Really??  We have a very authentic Australian eatery here called The Outback, they say is _THE _Australian beer to drink.  So what is the beer now??


----------



## CQB (Jul 17, 2018)

Fosters is too sweet, you see. But it's been a fave export thanks to Paul Hogan and Bazza McKenzie. (See below, note crafty can of Fosters as product placement). Melbourne Bitter, Victoria Bitter & the Tasmanian beers James Boag & James Squire.

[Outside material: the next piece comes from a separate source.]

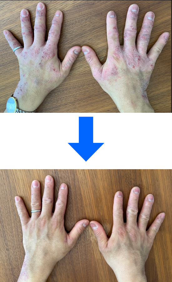 でも、気づけば年々ひどくなり、手は常に痒く、ひび割れ、時には出血し、滲出液が出ることもありました。

I've extolled the virtue of my local boutique brand 4 Pines, but I doubt whether you'd get near it over there.


----------



## Gunz (Jul 17, 2018)

Devildoc said:


> Really??  We have a _*very authentic Australian eatery here called The Outback*_, they say is _THE _Australian beer to drink.  So what is the beer now??






BTW, I've gotten some shitty steaks at Outback. If it's authentic, it's dingo meat.


----------



## CQB (Jul 17, 2018)

I found this, it has some of our wild life in it.


----------



## digrar (Jul 17, 2018)

I'm picking they do Bauxite mining up in Weipa the same way we do it in the SW of Western Australia. The clearing gives the critters plenty of time to relocate into nearby bush. Then after the ore is mined out the ground is quickly redevloped and re planted, just a few metres lower than it was before, mining operations get carried out elsewhere and they don't come back to the area for some time.
No doubt some burrowing animals get squashed, but most will flee when a D10 dozer starts working in their general vicinity.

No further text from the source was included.